Physics-Constrained Denoising Autoencoders for Data-Scarce Wildfire UAV Sensing

Wildfire monitoring requires high-resolution atmospheric measurements, yet low-cost sensors on Unmanned Aerial Vehicles (UAVs) exhibit baseline drift, cross-sensitivity, and response lag that corrupt concentration estimates. Traditional deep learning denoising approaches demand large datasets impractical to obtain from limited UAV flight campaigns. We present PC$^2$DAE, a physics-informed denoising autoencoder that addresses data scarcity by embedding physical constraints directly into the network architecture. Non-negative concentration estimates are enforced via softplus activations and physically plausible temporal smoothing, ensuring outputs are physically admissible by construction rather than relying on loss function penalties. The architecture employs hierarchical decoder heads for Black Carbon, Gas, and CO$_2$ sensor families, with two variants: PC$^2$DAE-Lean (21k parameters) for edge deployment and PC$^2$DAE-Wide (204k parameters) for offline processing. We evaluate on 7,894 synchronized 1 Hz samples collected from UAV flights during prescribed burns in Saskatchewan, Canada (approximately 2.2 hours of flight data), two orders of magnitude below typical deep learning requirements. PC$^2$DAE-Lean achieves 67.3\% smoothness improvement and 90.7\% high-frequency noise reduction with zero physics violations. Five baselines (LSTM-AE, U-Net, Transformer, CBDAE, DeSpaWN) produce 15--23\% negative outputs. The lean variant outperforms wide (+5.6\% smoothness), suggesting reduced capacity with strong inductive bias prevents overfitting in data-scarce regimes. Training completes in under 65 seconds on consumer hardware.
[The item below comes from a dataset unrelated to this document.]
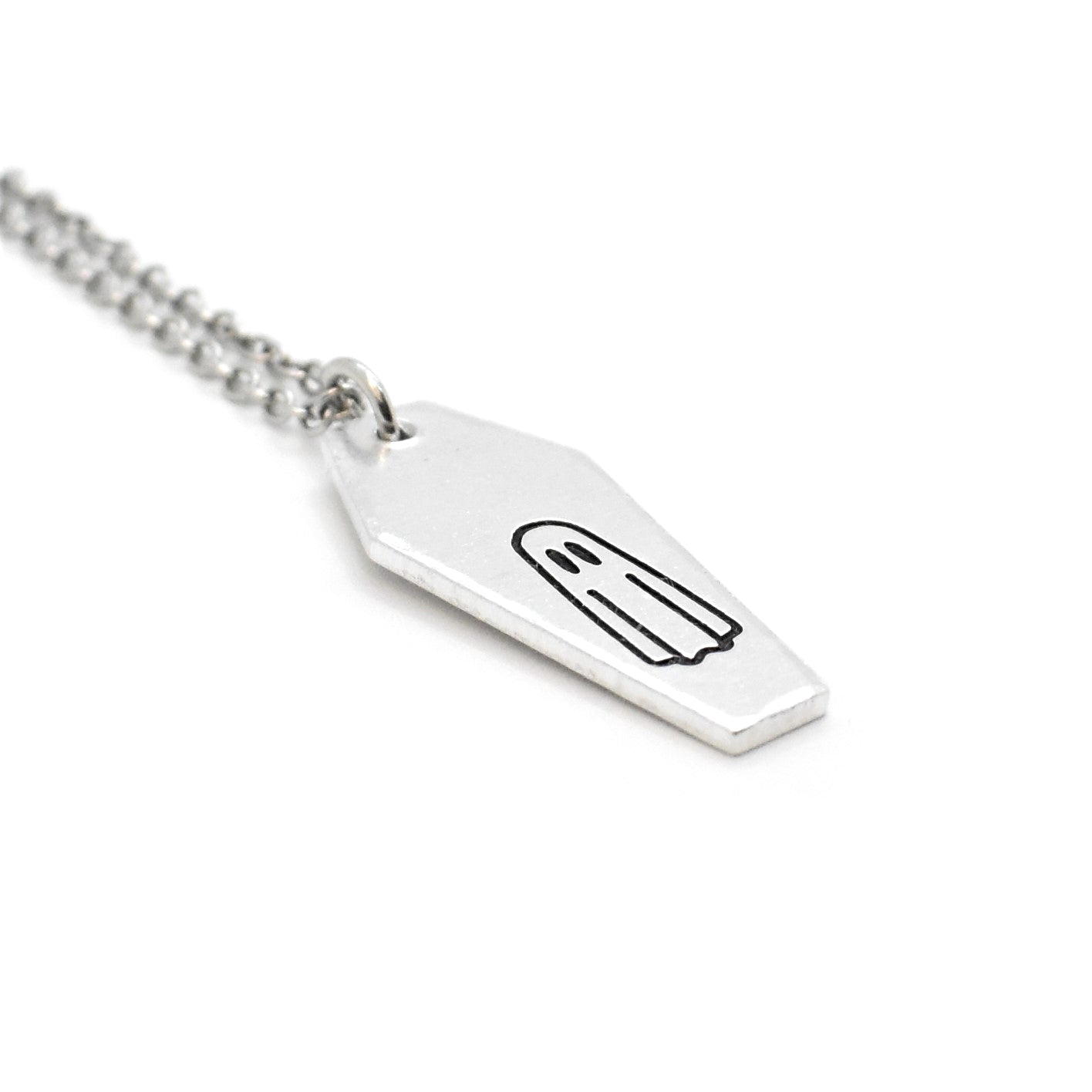 A creative ghostly spectre, coffin style necklace. Optional personalisation also available to the back of the pendant too for an extra special touch.

翻译：野火监测需要高分辨率的大气测量，然而无人飞行器上的低成本传感器存在基线漂移、交叉敏感性和响应滞后等问题，这会污染浓度估计值。传统的深度学习去噪方法需要大量数据集，这在有限的无人机飞行活动中难以获取。我们提出了PC$^2$DAE，一种物理信息嵌入的去噪自编码器，通过将物理约束直接嵌入网络架构来解决数据稀缺问题。非负浓度估计通过softplus激活函数和物理上合理的时间平滑来强制实施，确保输出在构造上就是物理可接受的，而非依赖于损失函数的惩罚。该架构采用分层解码器头分别处理黑碳、气体和CO$_2$传感器家族，并提供两种变体：PC$^2$DAE-Lean（2.1万个参数）用于边缘部署，PC$^2$DAE-Wide（20.4万个参数）用于离线处理。我们在加拿大萨斯喀彻温省计划烧除期间，从无人机飞行收集的7,894个同步1赫兹样本（约2.2小时飞行数据）上进行了评估，数据量比典型的深度学习要求低两个数量级。PC$^2$DAE-Lean实现了67.3%的平滑度提升和90.7%的高频噪声抑制，且零物理违规。五个基线模型（LSTM-AE、U-Net、Transformer、CBDAE、DeSpaWN）产生了15-23%的负输出。精简变体优于宽泛变体（平滑度+5.6%），这表明在强归纳偏置下降低模型容量可以防止在数据稀缺场景中的过拟合。在消费级硬件上训练可在65秒内完成。